### Instructions for the task
In the listing that follows, find the line with "Ταμείο : 8 ευρώ", then copy exactly from it through the line with "Best Summer Jeans", leaving out every picture.

### Supplied entries
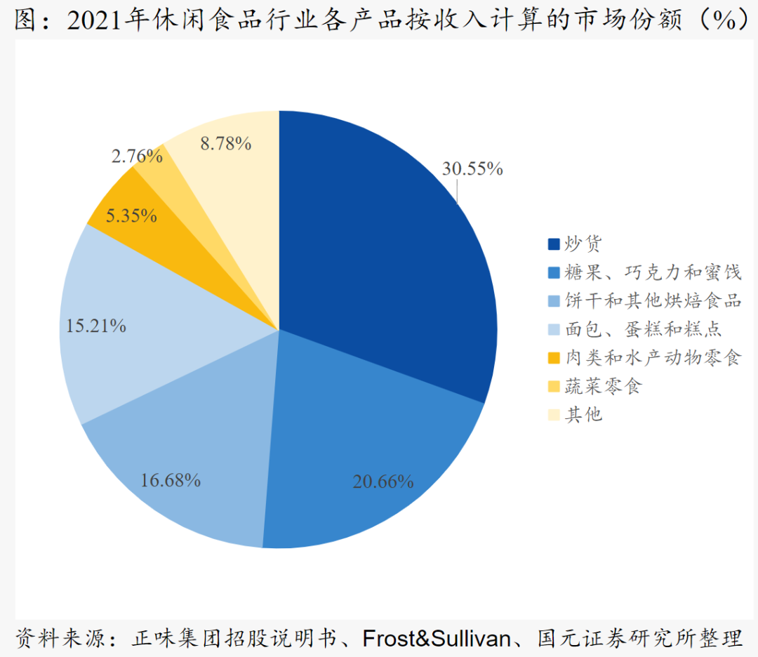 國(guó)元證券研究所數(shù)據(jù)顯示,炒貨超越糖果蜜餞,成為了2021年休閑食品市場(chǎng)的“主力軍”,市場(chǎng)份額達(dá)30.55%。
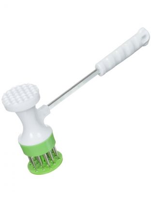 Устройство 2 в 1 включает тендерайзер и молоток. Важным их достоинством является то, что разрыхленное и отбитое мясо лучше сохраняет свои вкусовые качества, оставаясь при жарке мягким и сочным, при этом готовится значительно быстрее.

* * *

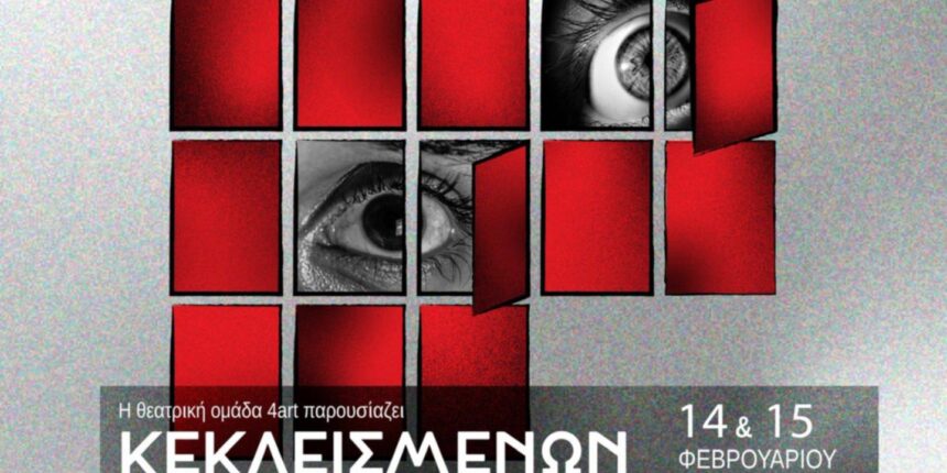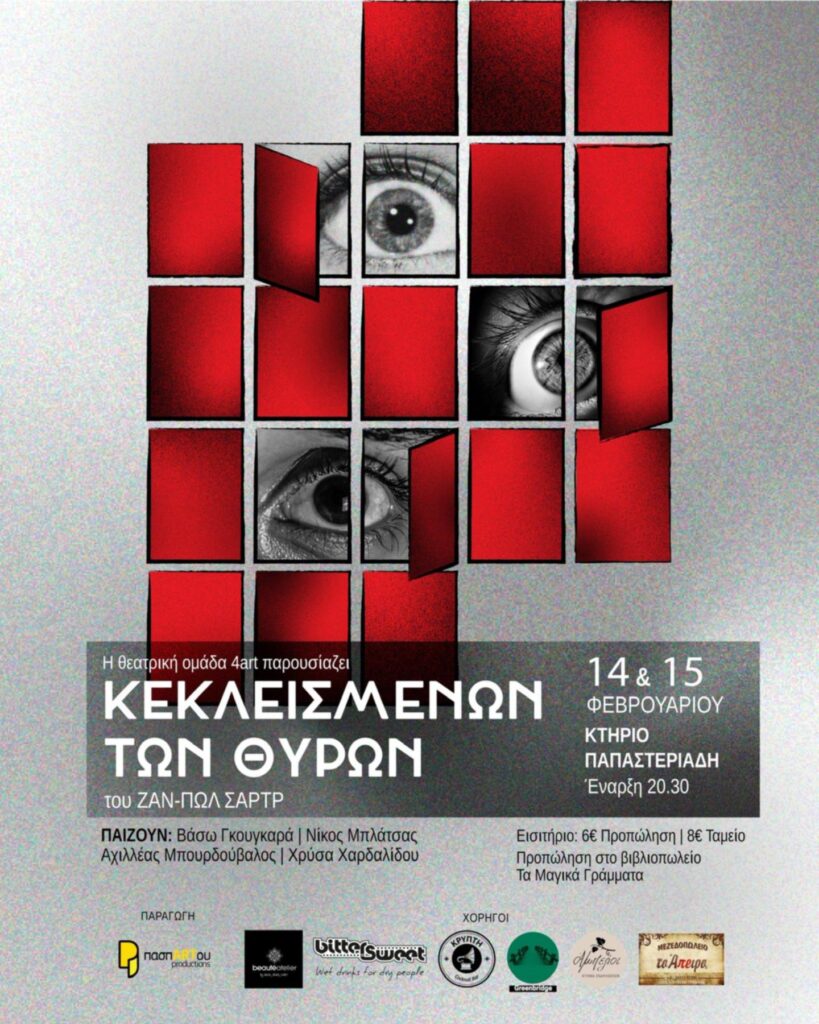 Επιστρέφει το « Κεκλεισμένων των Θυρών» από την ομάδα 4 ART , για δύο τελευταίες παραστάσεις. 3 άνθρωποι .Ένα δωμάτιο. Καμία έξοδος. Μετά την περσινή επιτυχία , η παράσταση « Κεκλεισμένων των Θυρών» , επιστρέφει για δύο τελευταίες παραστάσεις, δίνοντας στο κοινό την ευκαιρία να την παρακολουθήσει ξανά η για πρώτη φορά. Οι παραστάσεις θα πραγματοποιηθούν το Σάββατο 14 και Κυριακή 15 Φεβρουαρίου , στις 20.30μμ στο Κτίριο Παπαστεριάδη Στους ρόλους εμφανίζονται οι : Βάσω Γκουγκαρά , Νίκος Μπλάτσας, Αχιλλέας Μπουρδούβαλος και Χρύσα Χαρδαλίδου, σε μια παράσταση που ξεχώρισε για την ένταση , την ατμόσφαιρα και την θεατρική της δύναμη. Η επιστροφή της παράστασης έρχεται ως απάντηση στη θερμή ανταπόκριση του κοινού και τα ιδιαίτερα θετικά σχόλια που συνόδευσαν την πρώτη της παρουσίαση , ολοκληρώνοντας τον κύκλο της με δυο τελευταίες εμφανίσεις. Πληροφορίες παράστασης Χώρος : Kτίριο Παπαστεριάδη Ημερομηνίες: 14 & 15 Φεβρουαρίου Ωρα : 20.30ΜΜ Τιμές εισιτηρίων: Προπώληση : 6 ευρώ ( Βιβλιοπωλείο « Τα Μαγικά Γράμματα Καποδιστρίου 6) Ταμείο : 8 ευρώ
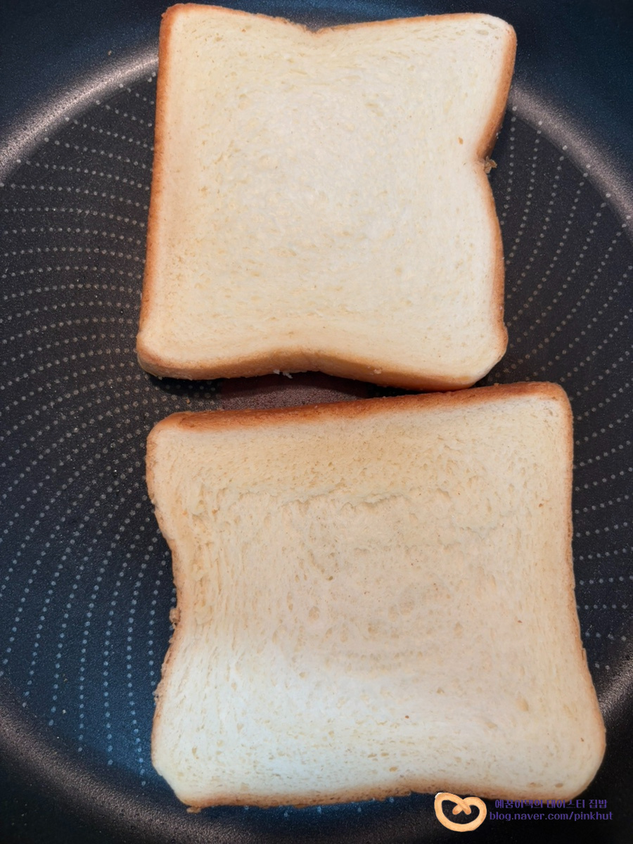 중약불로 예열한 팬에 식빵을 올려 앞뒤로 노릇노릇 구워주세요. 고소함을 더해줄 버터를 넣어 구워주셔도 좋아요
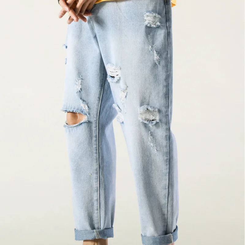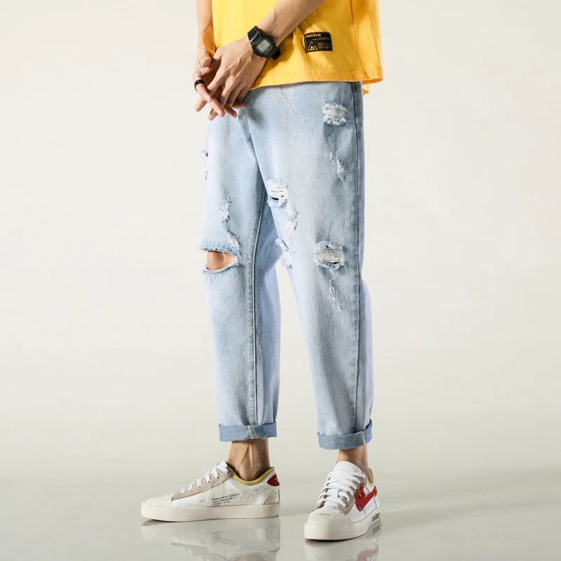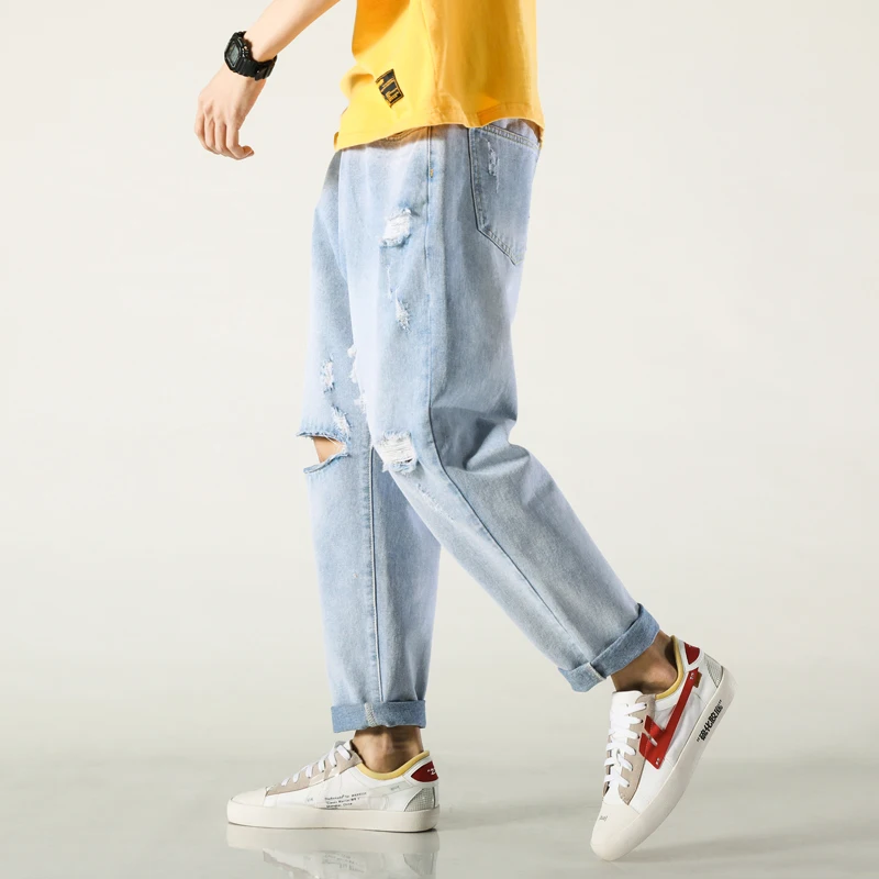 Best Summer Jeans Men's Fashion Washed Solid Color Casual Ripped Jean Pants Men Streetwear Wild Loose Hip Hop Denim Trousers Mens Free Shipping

### Your response
 Επιστρέφει το « Κεκλεισμένων των Θυρών» από την ομάδα 4 ART , για δύο τελευταίες παραστάσεις. 3 άνθρωποι .Ένα δωμάτιο. Καμία έξοδος. Μετά την περσινή επιτυχία , η παράσταση « Κεκλεισμένων των Θυρών» , επιστρέφει για δύο τελευταίες παραστάσεις, δίνοντας στο κοινό την ευκαιρία να την παρακολουθήσει ξανά η για πρώτη φορά. Οι παραστάσεις θα πραγματοποιηθούν το Σάββατο 14 και Κυριακή 15 Φεβρουαρίου , στις 20.30μμ στο Κτίριο Παπαστεριάδη Στους ρόλους εμφανίζονται οι : Βάσω Γκουγκαρά , Νίκος Μπλάτσας, Αχιλλέας Μπουρδούβαλος και Χρύσα Χαρδαλίδου, σε μια παράσταση που ξεχώρισε για την ένταση , την ατμόσφαιρα και την θεατρική της δύναμη. Η επιστροφή της παράστασης έρχεται ως απάντηση στη θερμή ανταπόκριση του κοινού και τα ιδιαίτερα θετικά σχόλια που συνόδευσαν την πρώτη της παρουσίαση , ολοκληρώνοντας τον κύκλο της με δυο τελευταίες εμφανίσεις. Πληροφορίες παράστασης Χώρος : Kτίριο Παπαστεριάδη Ημερομηνίες: 14 & 15 Φεβρουαρίου Ωρα : 20.30ΜΜ Τιμές εισιτηρίων: Προπώληση : 6 ευρώ ( Βιβλιοπωλείο « Τα Μαγικά Γράμματα Καποδιστρίου 6) Ταμείο : 8 ευρώ
 중약불로 예열한 팬에 식빵을 올려 앞뒤로 노릇노릇 구워주세요. 고소함을 더해줄 버터를 넣어 구워주셔도 좋아요
 Best Summer Jeans Men's Fashion Washed Solid Color Casual Ripped Jean Pants Men Streetwear Wild Loose Hip Hop Denim Trousers Mens Free Shipping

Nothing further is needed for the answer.